Obviously the terrain cubic heightmap I used was good 'ole Earth (and the heights are a bit exaggerated, ha). It looks pretty bland but what's important (at least right now) is what's going on under the hood.

The heightmap I used is a high-resolution (downsampled to 4096x4096) 16-bit tiff DEM based off of satellite scanned terrain data. Because DEM's are rectangular grid based by nature, I needed to find a way to transform a two dimensional topographical map into a cube map. To do this I created a nifty little program that takes a 2D rectangular image with a 2 to 1 proportion, maps it to a sphere using either a spherical or cylindrical projection, then renders the sphere from the inside out to a cube map. The result is taking something like this:

and converting it into this:


Notice how the cube is reversed? That's a byproduct of rendering from INSIDE the sphere and while it is correct, it can be easily corrected (if needed, i.e. if the object used a different uv mapping). The same process can be done to a heightmap, assuming we make sure to support 16/32-bit floating point colors to preserve that nice precision which can then be used to create the spherical terrain.

This is also super handy in cases where I want to use a cube map as opposed to a rectangular (sphere mapped) texture. Why would I want to do this you may ask? Well it turns out spherical textures exhibit some aliasing near the poles due to how the pixels are distributed to those areas. By using a cube map it is possible to use a lower resolution cube map to represent a much higher resolution 2D map with the same level of detail. The catch is that in benchmarks I've done the cube map performs slightly slower. I was a little surprised because although a rendering cube map can certainly be slightly costly if your ray samples are mostly random, texturing a sphere should be pretty cache friendly as the rays are all adjacent and basically wrap around the surface of the sphere (the texture coordinates are just a vector from origin to vertex, interpolated per-pixel). Perhaps there is an intrinsic cost to sample from face to face. Or maybe it's some kind of driver issue (when in doubt, blame the drivers :-). The other gotcha is that it's more difficult to stream in cube maps for very large worlds (if you were going in that direction).

It's also possible to do the reverse, albeit with some 2D processing as opposed to 3D. In other words, to convert a cube map to a 2D texture. I chose to implement this feature for the cases in which I wanted to procedurally generate a planetary texture that can be easily touched up and texture mapped in the traditional way.
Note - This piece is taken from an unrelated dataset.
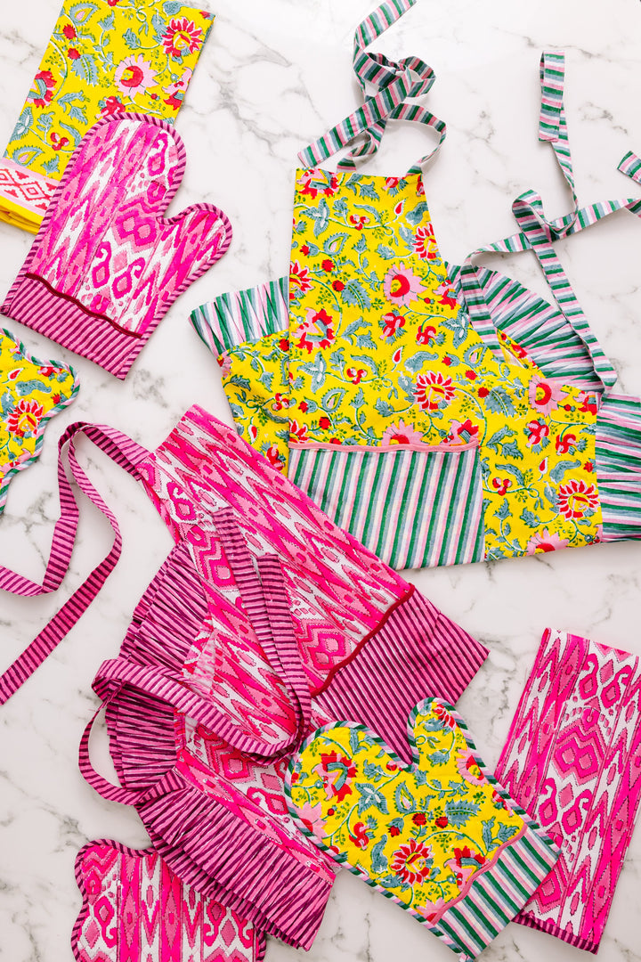 Chic and timeless, this pretty blockprint pot holder elevates the everyday and adds a colorful charm to your kitchen. Handmade in India, the charming color combo and the striped trim make a bold statement. By opting for sustainable table linens over disposable, we can help cut down on waste and support an age-old craft by artisans in Jaipur.

The transform is pretty simple and involves first calculating a polar coordinate for each pixel then transforming that into a cartesian vector that can sample the cube map. The sampled color then becomes the new color for that pixel. As an example, here is a random cube map I found on the internet:

And here is how it looks converted to a sphere mapped texture.


What a nice panorama! The nice thing with doing it this way is that supersampling (for nicely anti-aliased images) is easier to do by rendering at a higher resolution then downsampling to the desired size. It's not as simple with the cube render as you need some massive resolutions (which are still not so well supported on cube maps), plus, it's easy to run out of video card memory, ex: if you wanted to do a final render of a 32-bit 1024^2x6 texture at 4x supersampling you'd need 4096x4096x6x4 bytes per pixel = 384MB. For a 128-bit float heightmap it's 4 bytes per-CHANNEL, so 4096x4096x6x16 bytes = 1536MB!! This doesn't include the memory needed for your source assets or geometry buffers. :-)
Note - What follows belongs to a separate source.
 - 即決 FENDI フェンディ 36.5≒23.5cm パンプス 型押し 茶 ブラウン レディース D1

A solution to this is to break up the texture into multiple blocks which are then saved out individually and later stitched together and resampled as a post-process. In the case of the cube map render you would just render each face to a texture. All of this is pretty unnecessary of course unless you're really trying to squeeze out some quality that may or may not come from such high resolutions.

Another nice thing that came out of this line of research was an elegant way to render a skybox using a cubemap on a single quad, that is to say two triangles that forms a square over the screen as opposed to say the 12 triangles required to actually draw a box. It's a nice little trick that takes advantage of the way in which the view transform relates to the 2D clip space screen plane. Even though it's 2D there is perspective as you rotate the view around. In addition I found a nice way to set the FOV. While nothing revolutionary, it's simple and elegant and probably prevents a stall or 2 in the pipeline somewhere. It also means I don't have to code up yet another box any time I want a skybox so I'm pretty happy about that.

Alright one more teaser to bow me out.

Thursday, July 16, 2009

Planetoids

This update is actually going to be referencing some older stuff I had been working on as I'm knee deep in finishing up a little iPhone app and don't really have anything interesting to show for it (it's a Blackjack game, woohoo...).

About 4 years ago I was playing quite a bit with procedural planet creation specifically using the techniques outlined in the book Texturing and Modeling: A Procedural Approach (a fantastic and highly recommended read for graphics programmers). What I was hoping to get from this was the ability to procedurally generate planets for the Star Trader universe, more as an offline tool to save time than as a real-time galaxy generator as some people have implemented. The results were very good and I ended up with a great tool to generate pretty decent looking planets completely on the fly for rapid iteration (utilizing perlin noise on the GPU in real-time). These could then be saved off to a cubemap and potentially converted to a spherical map (to be applied to the planetary spheres).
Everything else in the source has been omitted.